ACTION ITEM =>
Lines holding the string "with" are the ones to copy; find them all in the data.

MATERIAL PROVIDED =>
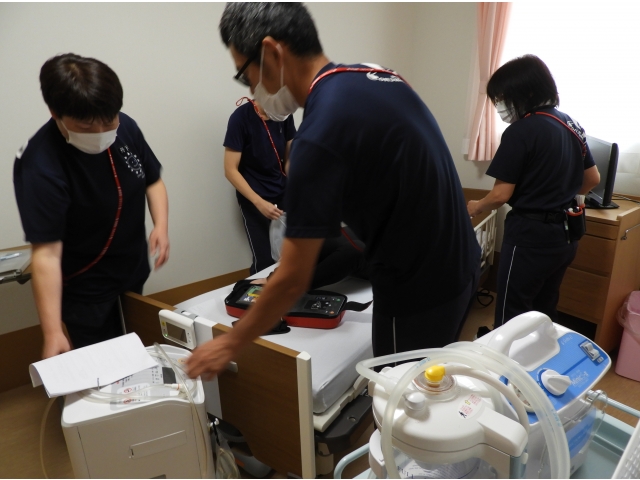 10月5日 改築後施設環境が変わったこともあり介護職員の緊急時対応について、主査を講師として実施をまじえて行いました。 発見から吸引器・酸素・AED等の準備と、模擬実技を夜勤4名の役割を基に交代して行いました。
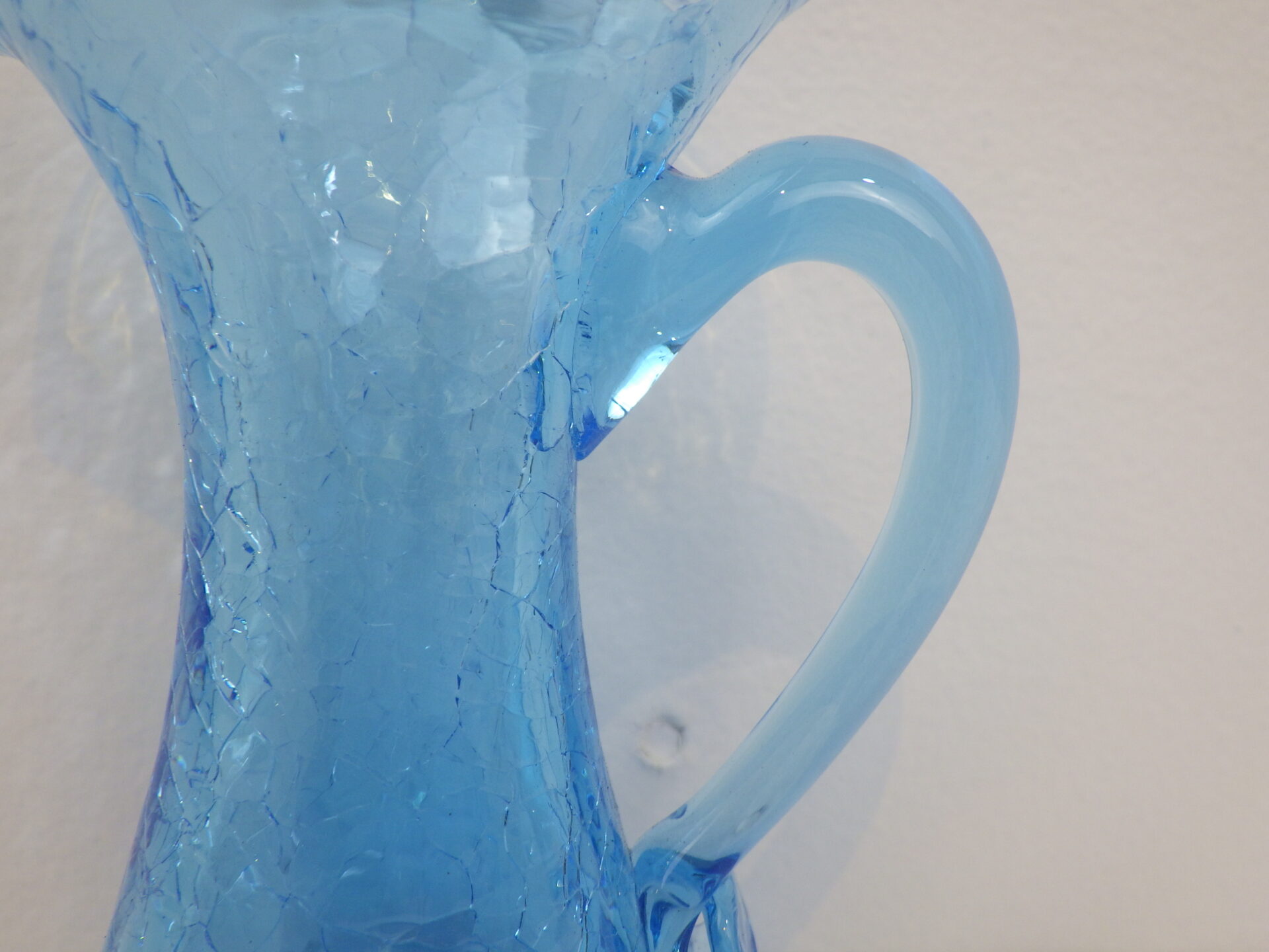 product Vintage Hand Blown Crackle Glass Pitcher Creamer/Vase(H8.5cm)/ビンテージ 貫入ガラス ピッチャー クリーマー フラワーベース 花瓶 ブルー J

==

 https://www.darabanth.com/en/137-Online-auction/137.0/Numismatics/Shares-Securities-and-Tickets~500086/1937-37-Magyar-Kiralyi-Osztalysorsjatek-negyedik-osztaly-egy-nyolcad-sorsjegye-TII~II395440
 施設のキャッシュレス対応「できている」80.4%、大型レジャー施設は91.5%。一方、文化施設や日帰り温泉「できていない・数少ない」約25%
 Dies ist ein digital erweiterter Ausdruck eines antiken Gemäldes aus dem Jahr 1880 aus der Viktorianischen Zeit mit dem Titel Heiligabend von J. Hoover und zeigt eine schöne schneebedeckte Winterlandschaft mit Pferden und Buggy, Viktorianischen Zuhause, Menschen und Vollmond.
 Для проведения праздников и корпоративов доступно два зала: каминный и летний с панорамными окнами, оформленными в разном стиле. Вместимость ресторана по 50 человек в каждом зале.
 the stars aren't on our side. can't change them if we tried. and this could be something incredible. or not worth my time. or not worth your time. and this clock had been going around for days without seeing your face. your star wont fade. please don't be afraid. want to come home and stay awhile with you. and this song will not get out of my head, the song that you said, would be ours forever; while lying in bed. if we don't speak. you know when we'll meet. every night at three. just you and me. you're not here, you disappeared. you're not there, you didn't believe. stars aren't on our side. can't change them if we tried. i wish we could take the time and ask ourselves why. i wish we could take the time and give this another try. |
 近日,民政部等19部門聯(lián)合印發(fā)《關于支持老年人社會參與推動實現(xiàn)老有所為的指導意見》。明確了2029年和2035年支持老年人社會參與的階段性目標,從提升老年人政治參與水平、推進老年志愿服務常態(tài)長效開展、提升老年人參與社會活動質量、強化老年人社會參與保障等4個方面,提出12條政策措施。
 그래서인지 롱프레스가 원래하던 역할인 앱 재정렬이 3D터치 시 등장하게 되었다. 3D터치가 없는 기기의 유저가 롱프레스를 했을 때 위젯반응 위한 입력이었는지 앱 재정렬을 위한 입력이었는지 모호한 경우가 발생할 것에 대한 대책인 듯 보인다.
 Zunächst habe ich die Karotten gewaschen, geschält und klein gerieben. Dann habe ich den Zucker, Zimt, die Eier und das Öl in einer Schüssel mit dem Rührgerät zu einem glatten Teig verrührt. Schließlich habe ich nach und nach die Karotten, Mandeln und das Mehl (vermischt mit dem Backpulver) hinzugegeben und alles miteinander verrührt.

...

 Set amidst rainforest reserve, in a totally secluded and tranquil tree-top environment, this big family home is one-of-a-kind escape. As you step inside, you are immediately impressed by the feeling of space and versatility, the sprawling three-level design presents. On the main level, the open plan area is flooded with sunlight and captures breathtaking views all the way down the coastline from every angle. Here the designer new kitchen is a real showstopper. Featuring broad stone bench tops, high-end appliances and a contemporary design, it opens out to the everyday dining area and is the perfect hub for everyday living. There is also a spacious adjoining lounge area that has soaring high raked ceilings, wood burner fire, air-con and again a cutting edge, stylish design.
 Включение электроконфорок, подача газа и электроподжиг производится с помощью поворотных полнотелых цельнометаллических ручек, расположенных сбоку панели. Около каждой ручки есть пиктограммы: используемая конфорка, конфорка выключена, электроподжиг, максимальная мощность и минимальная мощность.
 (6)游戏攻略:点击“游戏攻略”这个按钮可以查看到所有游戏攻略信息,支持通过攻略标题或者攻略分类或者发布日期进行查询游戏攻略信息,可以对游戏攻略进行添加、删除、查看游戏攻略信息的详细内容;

EXPECTED ANSWER =>
 the stars aren't on our side. can't change them if we tried. and this could be something incredible. or not worth my time. or not worth your time. and this clock had been going around for days without seeing your face. your star wont fade. please don't be afraid. want to come home and stay awhile with you. and this song will not get out of my head, the song that you said, would be ours forever; while lying in bed. if we don't speak. you know when we'll meet. every night at three. just you and me. you're not here, you disappeared. you're not there, you didn't believe. stars aren't on our side. can't change them if we tried. i wish we could take the time and ask ourselves why. i wish we could take the time and give this another try. |
 Set amidst rainforest reserve, in a totally secluded and tranquil tree-top environment, this big family home is one-of-a-kind escape. As you step inside, you are immediately impressed by the feeling of space and versatility, the sprawling three-level design presents. On the main level, the open plan area is flooded with sunlight and captures breathtaking views all the way down the coastline from every angle. Here the designer new kitchen is a real showstopper. Featuring broad stone bench tops, high-end appliances and a contemporary design, it opens out to the everyday dining area and is the perfect hub for everyday living. There is also a spacious adjoining lounge area that has soaring high raked ceilings, wood burner fire, air-con and again a cutting edge, stylish design.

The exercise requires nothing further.